DATA FOR ANALYSIS =>
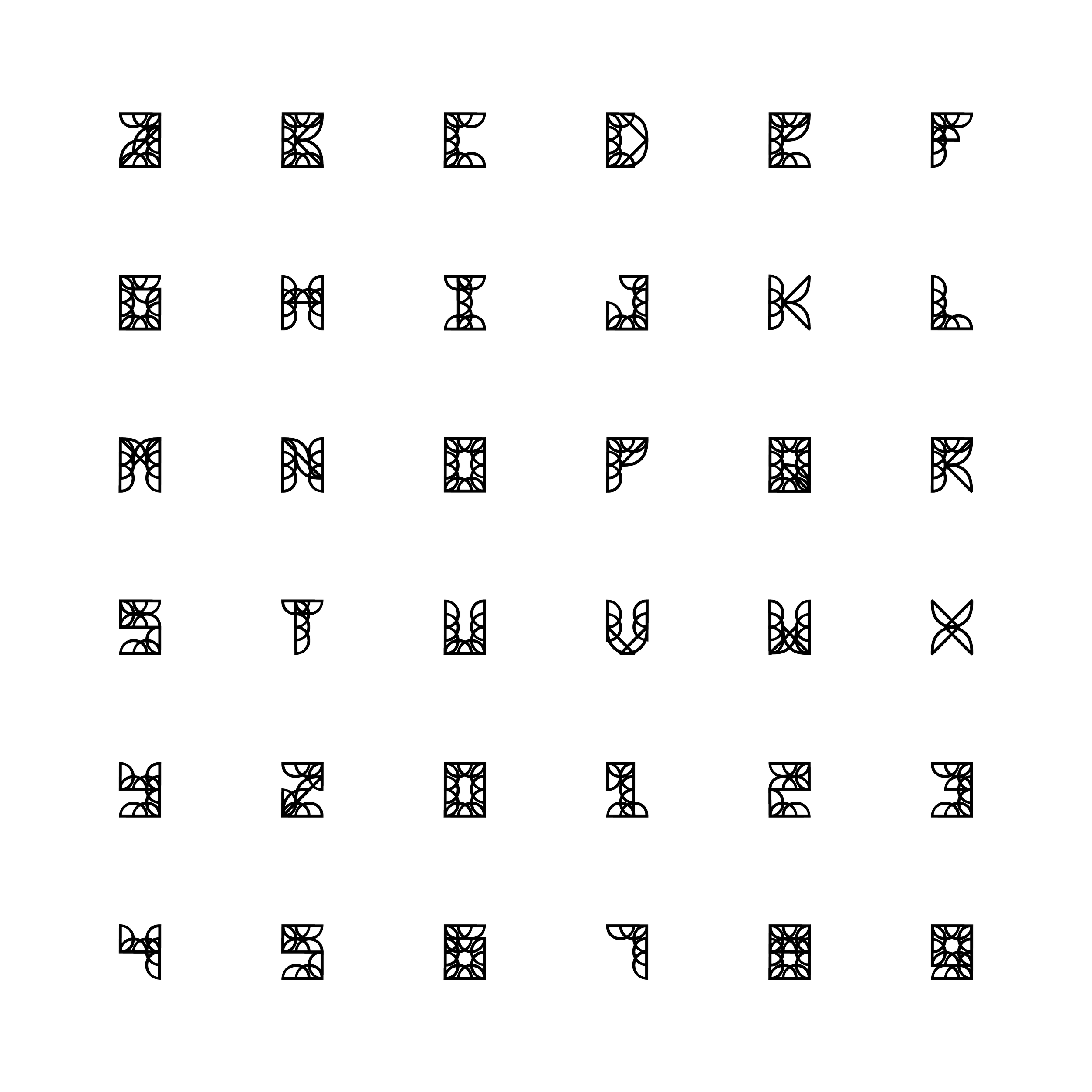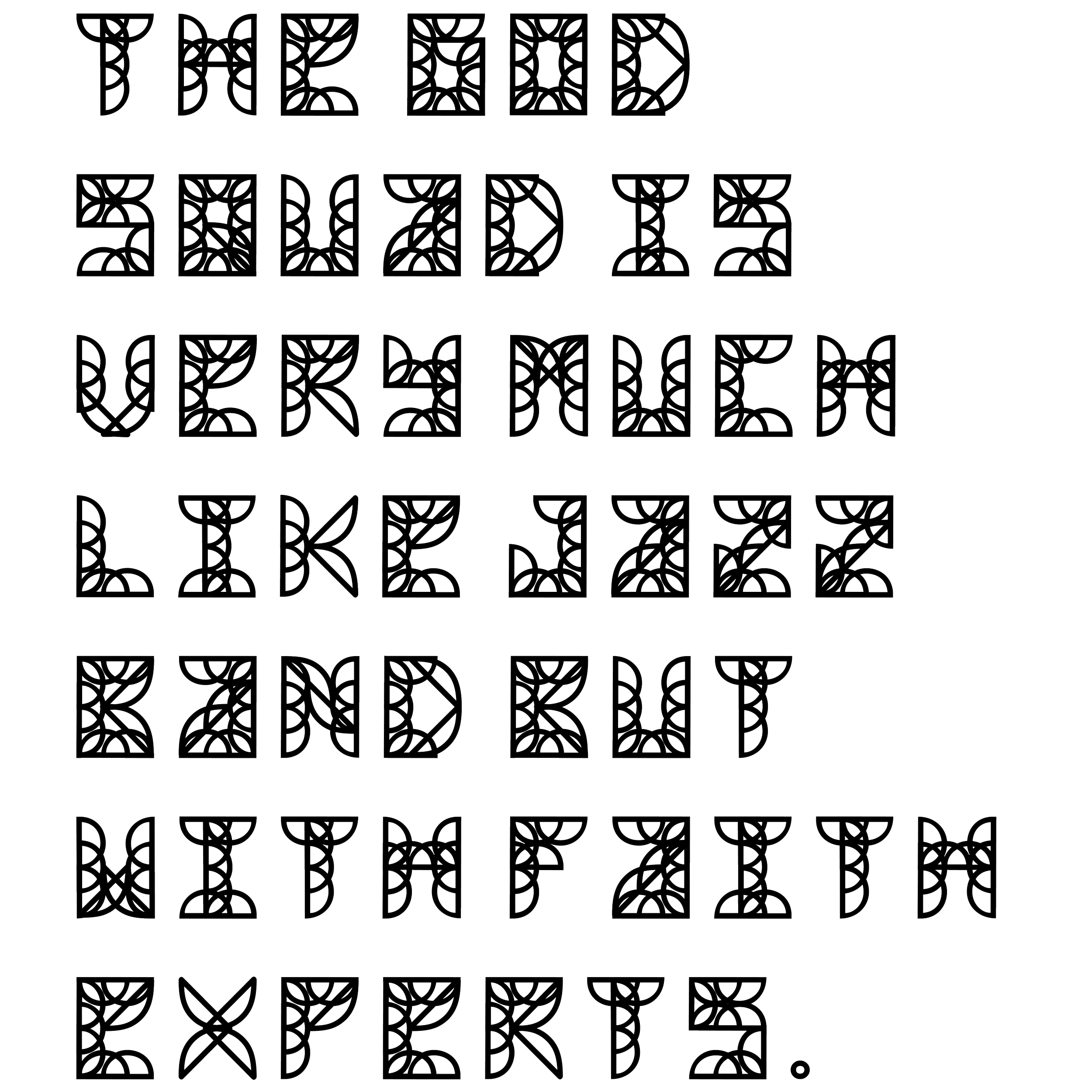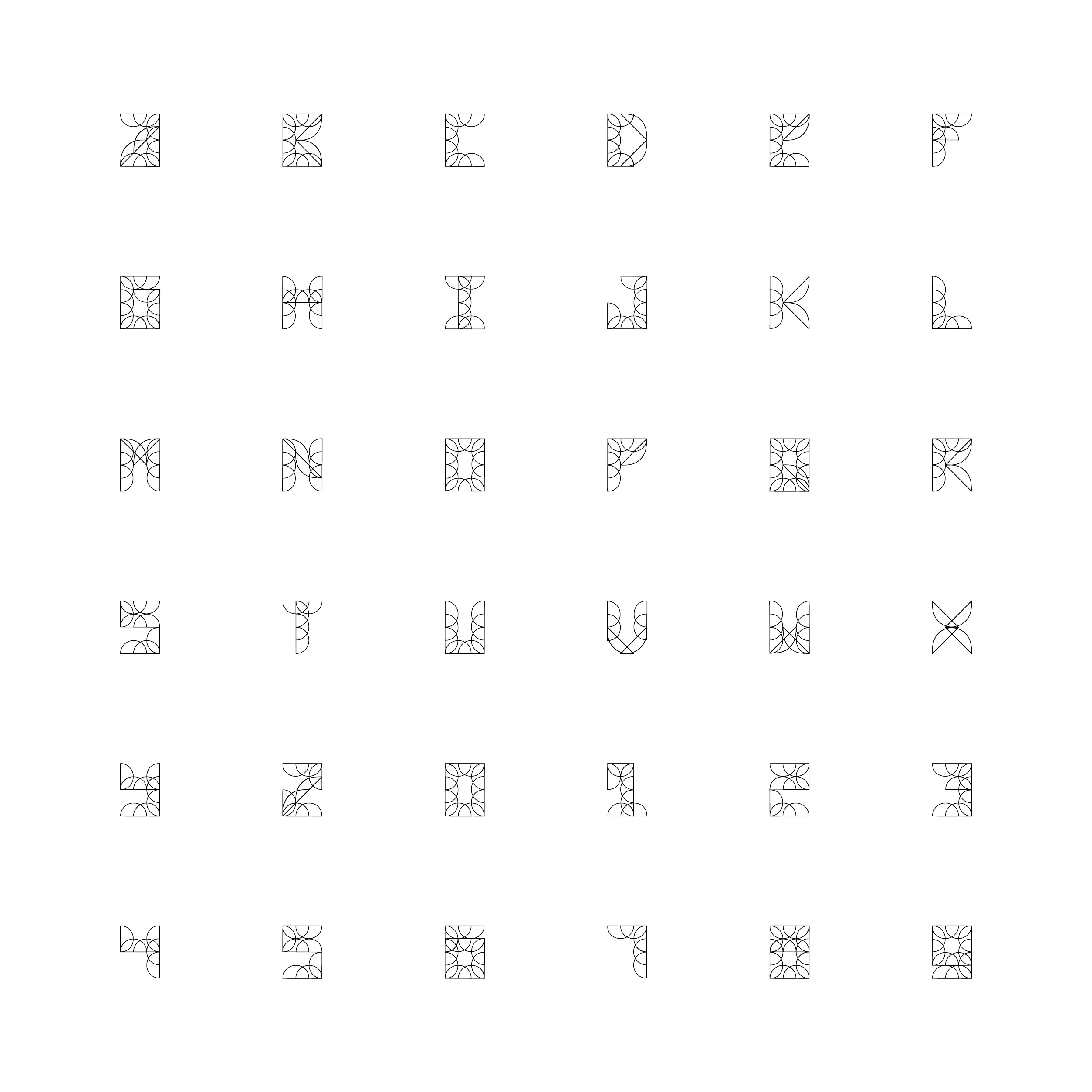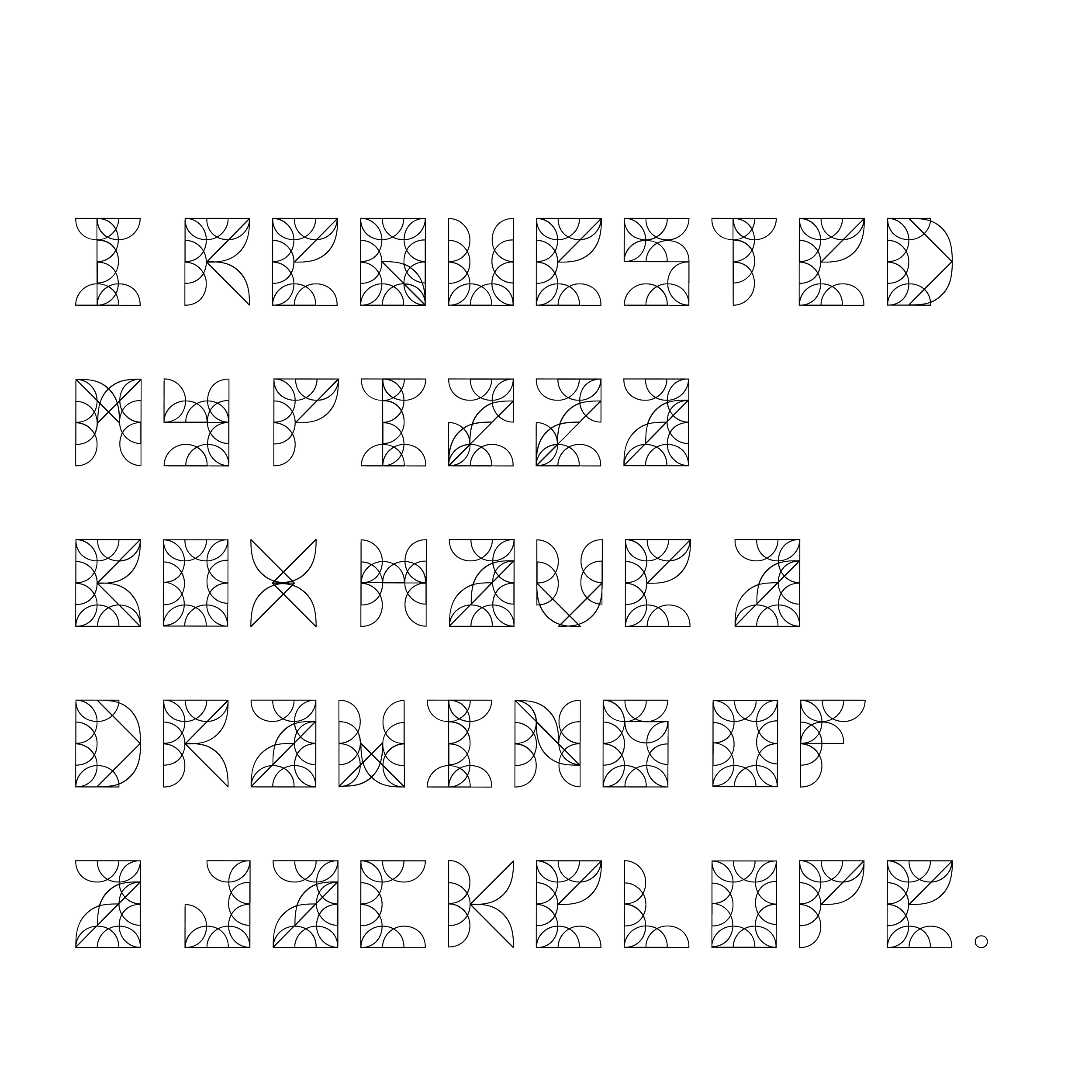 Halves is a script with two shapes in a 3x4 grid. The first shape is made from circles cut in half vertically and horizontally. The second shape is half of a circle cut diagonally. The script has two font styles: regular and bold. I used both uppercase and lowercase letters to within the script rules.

...

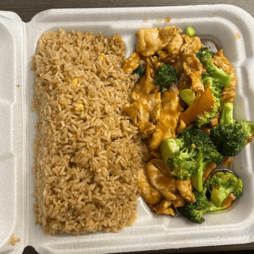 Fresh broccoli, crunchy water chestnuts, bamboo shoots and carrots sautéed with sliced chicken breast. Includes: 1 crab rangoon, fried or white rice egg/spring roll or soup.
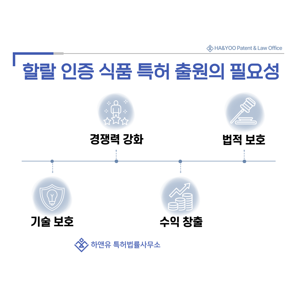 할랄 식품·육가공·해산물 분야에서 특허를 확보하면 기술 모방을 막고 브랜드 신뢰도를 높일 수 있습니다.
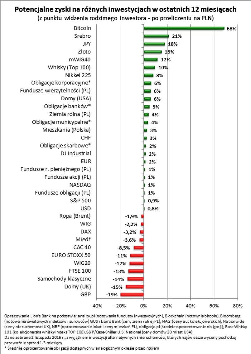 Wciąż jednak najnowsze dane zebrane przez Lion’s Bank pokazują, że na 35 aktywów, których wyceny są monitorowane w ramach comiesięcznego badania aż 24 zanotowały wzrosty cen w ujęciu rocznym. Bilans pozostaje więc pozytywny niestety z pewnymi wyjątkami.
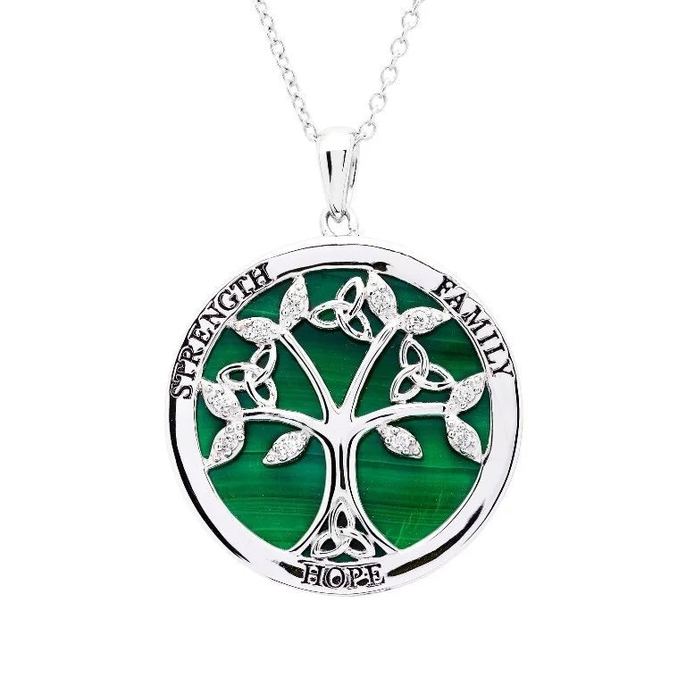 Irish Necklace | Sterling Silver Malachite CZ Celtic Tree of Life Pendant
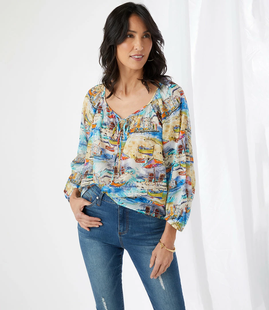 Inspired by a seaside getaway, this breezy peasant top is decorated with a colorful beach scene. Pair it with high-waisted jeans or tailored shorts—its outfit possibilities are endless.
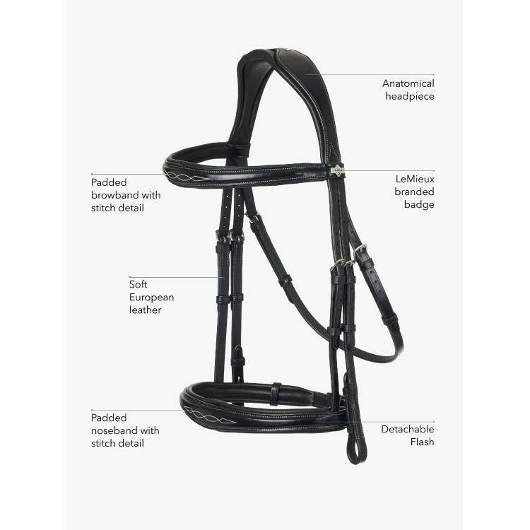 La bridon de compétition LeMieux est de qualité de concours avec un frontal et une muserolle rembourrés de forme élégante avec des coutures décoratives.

--

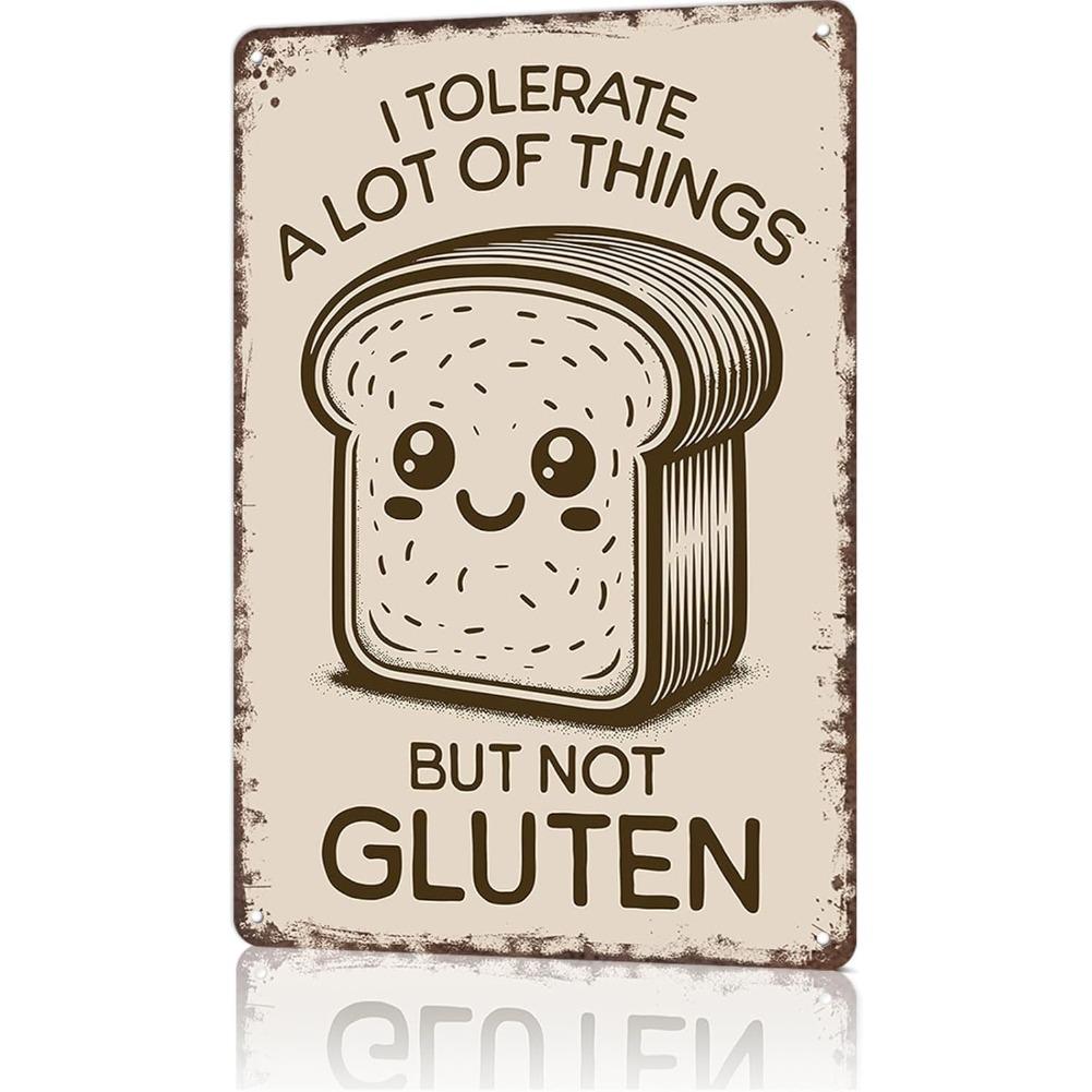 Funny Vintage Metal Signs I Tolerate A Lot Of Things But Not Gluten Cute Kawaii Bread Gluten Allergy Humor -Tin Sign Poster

TO DO =>
Copy word for word only the lines above from the one with "Inspired by a" through the one with "La bridon de". Leave pictures out.

TASK OUTPUT =>
 Inspired by a seaside getaway, this breezy peasant top is decorated with a colorful beach scene. Pair it with high-waisted jeans or tailored shorts—its outfit possibilities are endless.
 La bridon de compétition LeMieux est de qualité de concours avec un frontal et une muserolle rembourrés de forme élégante avec des coutures décoratives.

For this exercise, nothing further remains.